Is Bernard’s Time-Checking Request Tipping into Laziness? Sarah’s Frustrations Unveiled

LONDON, UK – In a peculiar case of dependency, a woman named Sarah has grown increasingly frustrated with her boyfriend, Bernard, for constantly asking her the time. The situation became even more exasperating for Sarah when she realized that Bernard had access to multiple clocks but still relied on her for the time. Despite having his wrist healed and carrying a watch in his pocket, Bernard seems to prefer pestering Sarah rather than checking the time himself.

Sarah, who recently helped Bernard with everyday tasks while his wrist was broken, is baffled by his behavior. She wonders why he can’t simply look at a clock like everyone else. Bernard, on the other hand, defends himself by claiming that he became accustomed to relying on Sarah during his time of need and finds it easier to ask her for the time rather than taking the minimal effort to check it himself.

This pattern of dependency extends beyond just asking for the time. Bernard often bombards Sarah with questions, sometimes forgetting that she is not a walking encyclopedia. He seems to assume that Sarah always has the answer to every inquiry and treats her like a search engine. Sarah finds this behavior frustrating and likened it to being treated like his mother.

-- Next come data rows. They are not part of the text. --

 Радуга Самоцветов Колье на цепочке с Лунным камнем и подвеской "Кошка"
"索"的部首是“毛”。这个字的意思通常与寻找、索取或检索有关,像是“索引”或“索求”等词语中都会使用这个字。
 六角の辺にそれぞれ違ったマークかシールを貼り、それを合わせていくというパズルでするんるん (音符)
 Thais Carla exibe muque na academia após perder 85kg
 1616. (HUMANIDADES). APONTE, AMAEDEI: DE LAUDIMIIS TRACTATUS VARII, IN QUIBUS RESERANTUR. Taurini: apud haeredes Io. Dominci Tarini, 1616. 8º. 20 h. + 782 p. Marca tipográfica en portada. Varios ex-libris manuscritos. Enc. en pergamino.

Now that Bernard’s wrist has healed, Sarah hopes that he will start to take responsibility for checking the time himself. She believes that by ceasing to rely on her, they will have more meaningful opportunities to connect as a couple. However, Bernard acknowledges that he had been overly dependent on Sarah and is willing to change his behavior.

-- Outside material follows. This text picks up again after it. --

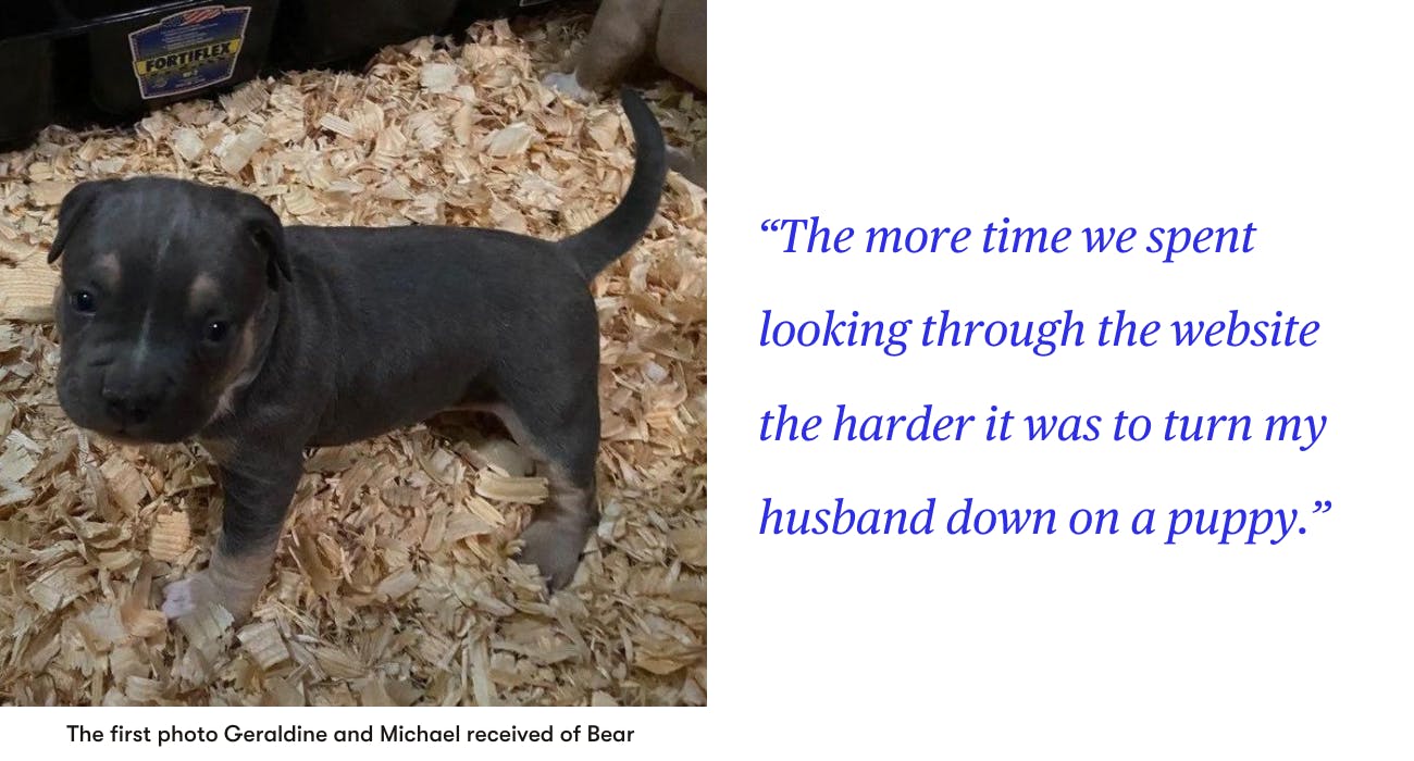 “The more time we spent looking through the website, the harder it was to turn my husband down on a puppy,” she said.
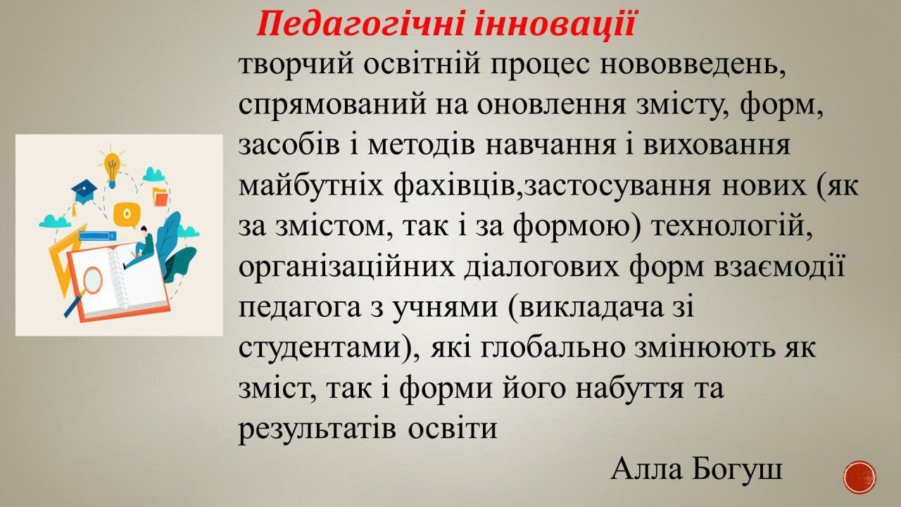 У процесі розповіді І. Сараєва схарактеризувала складники готовності педагога до інноваційної діяльності, наголосила, що в умовах сучасної освіти інноваційна діяльність є не лише необхідністю, а й ключовим показником професійної компетентності педагога.

Opinions from a jury of Guardian readers are divided. Some feel that Bernard’s constant requests for the time border on laziness and that he should start checking it himself. Others empathize with Sarah’s frustration and suggest that Bernard’s behavior is symbolic of a deeper issue of dependency within their relationship.

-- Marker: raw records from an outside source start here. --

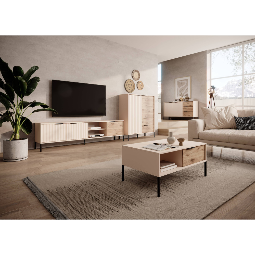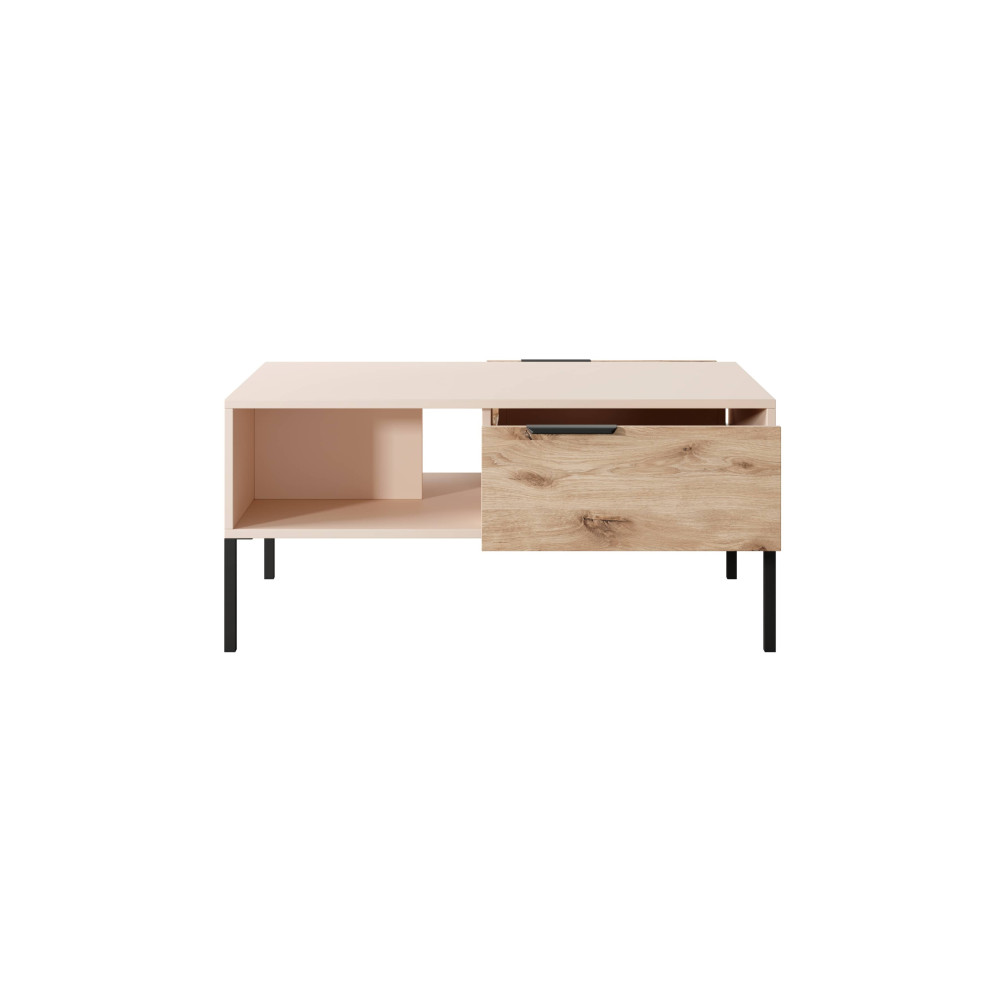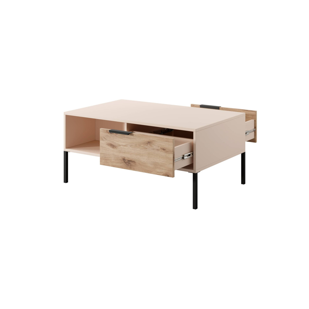 Blat stolika kawowego wykonany jest z płyty wiórowej laminowanej o grubości 16 mm w kolorze beżowym, co nadaje mu elegancji i uniwersalności. Dodatkowo, stolik posiada wykończenie dębu viking, które wprowadza ciepły i naturalny element do całej kompozycji.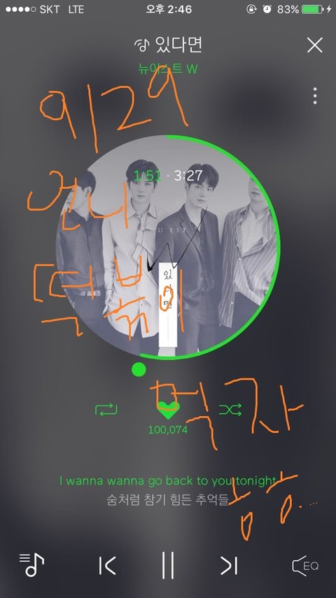 이거인데.. 보신 러브분들도 많으시겠지만 안보신 분들을 위해...!언니가 팬톡을 안해서 제가 대신 글쓰는건 양해좀 부탁드려용 ㅠㅠ이번 컴백 화이팅하세용!!! 제 본진은 내년 하반기 컴백이라스밍까지는 아니지만 제가 듣는 노래에 뉴이스트 노래 껴서 듣구이써요 ㅠㅠ..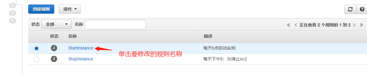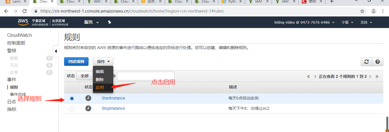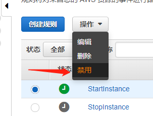 - CloudWatch中创建了两个规则 StartInstance、StopInstance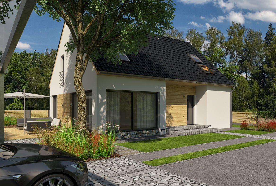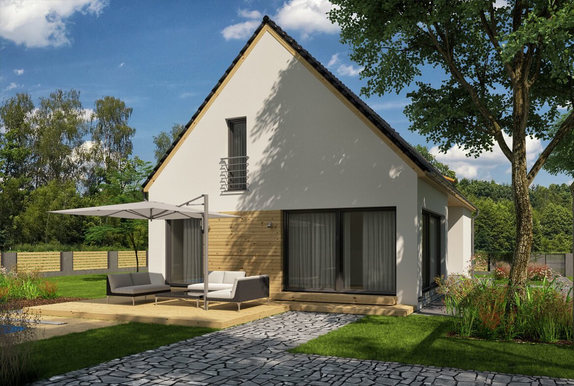 Kompaktní, moderní, 5pokojový rodinný dům s obytným podkrovím. Dům je ideální pro komfortní bydlení rodiny se 2-3 dětmi.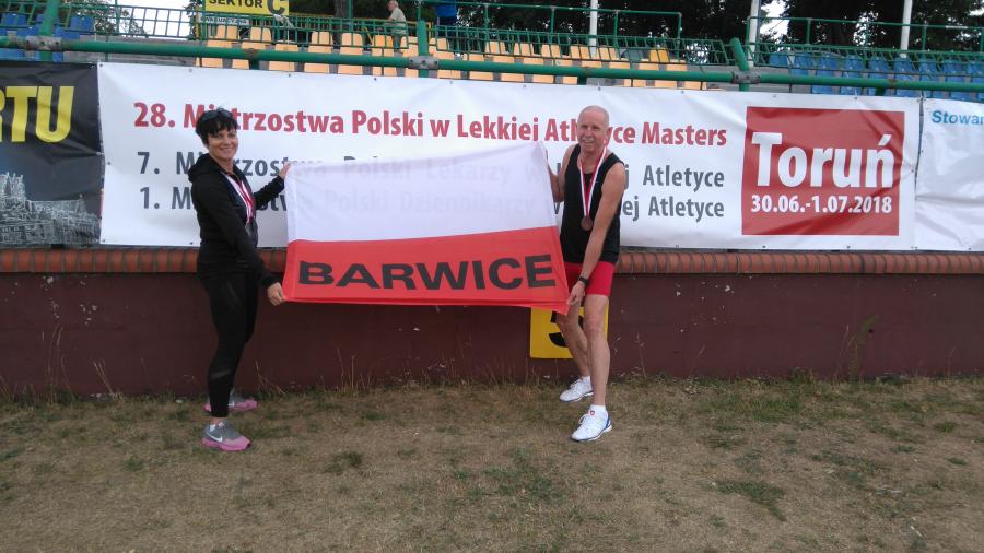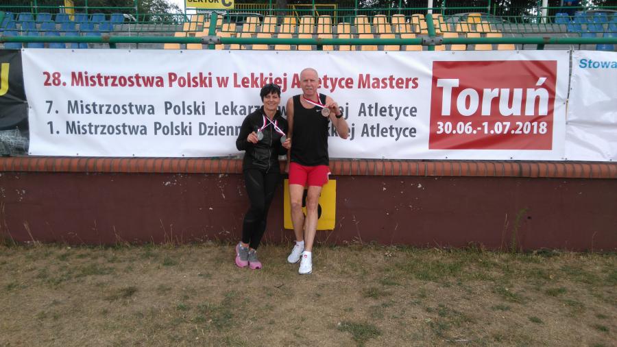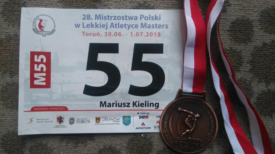 W dniach 30.06-01.07.2018 r. w Toruniu odbywały się 28 Mistrzostwa Polski Mastersów w lekkiej atletyce indywidualnej. Bardzo dobrze na tych zawodach zaprezentowali się Anna i Mariusz Kieling, którzy rywalizowali w kategorii wiekowej 55–latków. Anna Kieling startowała w czterech konkurencjach zdobywając w każdej medal. Mistrzostwo Polski wywalczyła w biegu na 80 metrów przez płotki, broniąc ubiegłoroczny tytuł mistrzyni w tej konkurencji. Medale srebrne zdobyła w rzucie dyskiem (1 kg) oraz w biegu na 100 m. i 200 m. Mariusz Kieling wystartował w biegu na 400 metrów przez płotki zdobywając brązowy medal. Tym samym obronił ubiegłoroczną trzecią pozycję w tej konkurencji biegowej.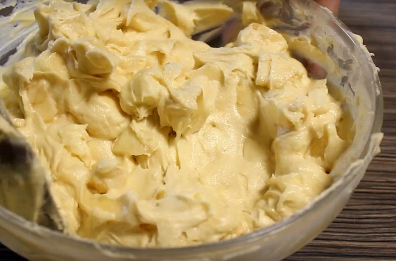 Miękkie masło miksuj lub mieszaj ręcznie z cukrem, cukrem waniliowym oraz solą. Nie przerywając miksowania, dodawaj stopniowo jajka.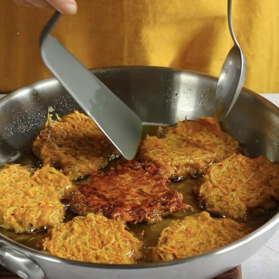 Na pánvi s trochou oleje smažte placičky dozlatova z obou stran.

In an online poll, readers are asked whether Bernard should stop bothering Sarah with his time requests. The poll will close on Thursday, January 25th at 10am GMT.

The case of Bernard and Sarah raises questions about personal responsibility and the boundaries of dependency within relationships. As they navigate this issue, it remains to be seen how Bernard and Sarah will find a balance that respects both their autonomy and their connection as a couple.